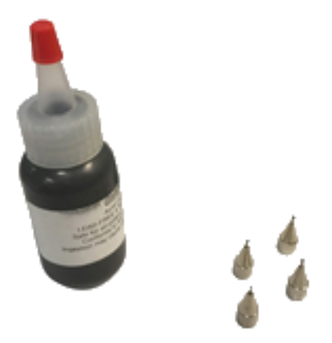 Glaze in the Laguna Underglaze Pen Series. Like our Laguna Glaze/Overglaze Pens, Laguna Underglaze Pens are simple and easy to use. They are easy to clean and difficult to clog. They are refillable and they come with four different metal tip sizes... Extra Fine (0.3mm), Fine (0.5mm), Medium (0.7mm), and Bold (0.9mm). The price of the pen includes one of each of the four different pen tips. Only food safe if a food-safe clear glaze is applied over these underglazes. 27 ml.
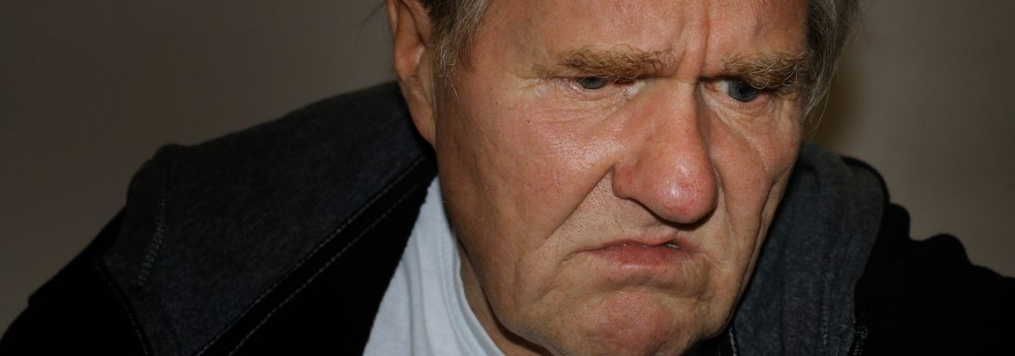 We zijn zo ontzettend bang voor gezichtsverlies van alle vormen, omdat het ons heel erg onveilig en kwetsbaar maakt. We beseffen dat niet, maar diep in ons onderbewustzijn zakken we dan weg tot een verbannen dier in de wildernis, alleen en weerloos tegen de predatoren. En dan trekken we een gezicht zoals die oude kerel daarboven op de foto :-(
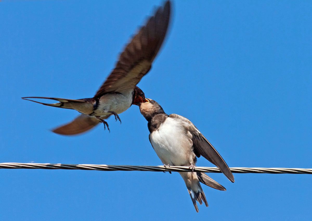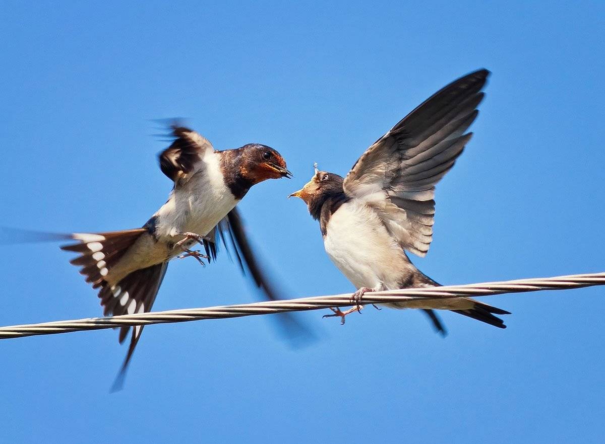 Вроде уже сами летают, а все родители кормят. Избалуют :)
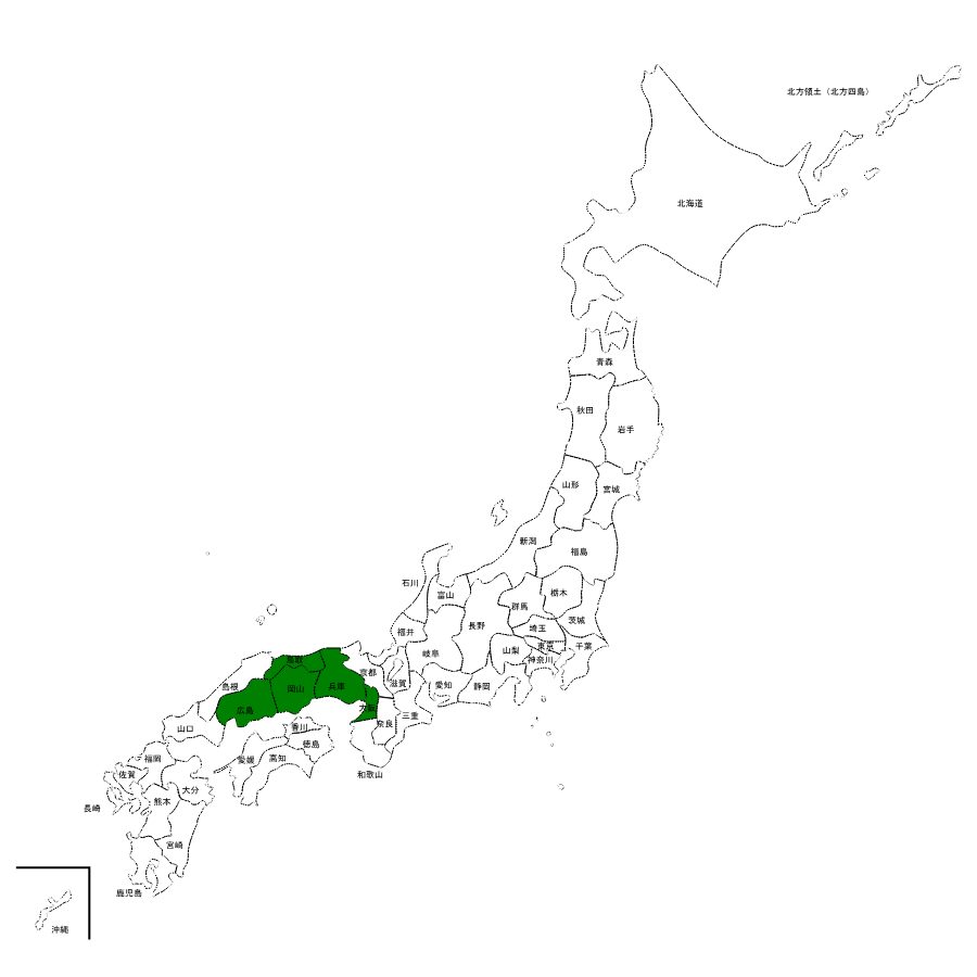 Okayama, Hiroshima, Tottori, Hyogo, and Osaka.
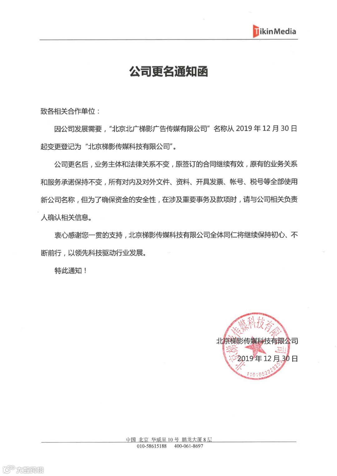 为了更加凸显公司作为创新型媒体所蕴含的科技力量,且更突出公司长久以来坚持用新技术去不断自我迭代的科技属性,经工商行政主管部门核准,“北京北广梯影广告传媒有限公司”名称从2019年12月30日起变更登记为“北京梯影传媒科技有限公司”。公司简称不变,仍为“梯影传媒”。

**Assigned task**
Every line of the data above should be repeated exactly. Omit the pictures.

**Written solution**
 Glaze in the Laguna Underglaze Pen Series. Like our Laguna Glaze/Overglaze Pens, Laguna Underglaze Pens are simple and easy to use. They are easy to clean and difficult to clog. They are refillable and they come with four different metal tip sizes... Extra Fine (0.3mm), Fine (0.5mm), Medium (0.7mm), and Bold (0.9mm). The price of the pen includes one of each of the four different pen tips. Only food safe if a food-safe clear glaze is applied over these underglazes. 27 ml.
 We zijn zo ontzettend bang voor gezichtsverlies van alle vormen, omdat het ons heel erg onveilig en kwetsbaar maakt. We beseffen dat niet, maar diep in ons onderbewustzijn zakken we dan weg tot een verbannen dier in de wildernis, alleen en weerloos tegen de predatoren. En dan trekken we een gezicht zoals die oude kerel daarboven op de foto :-(
 Вроде уже сами летают, а все родители кормят. Избалуют :)
 Okayama, Hiroshima, Tottori, Hyogo, and Osaka.
 为了更加凸显公司作为创新型媒体所蕴含的科技力量,且更突出公司长久以来坚持用新技术去不断自我迭代的科技属性,经工商行政主管部门核准,“北京北广梯影广告传媒有限公司”名称从2019年12月30日起变更登记为“北京梯影传媒科技有限公司”。公司简称不变,仍为“梯影传媒”。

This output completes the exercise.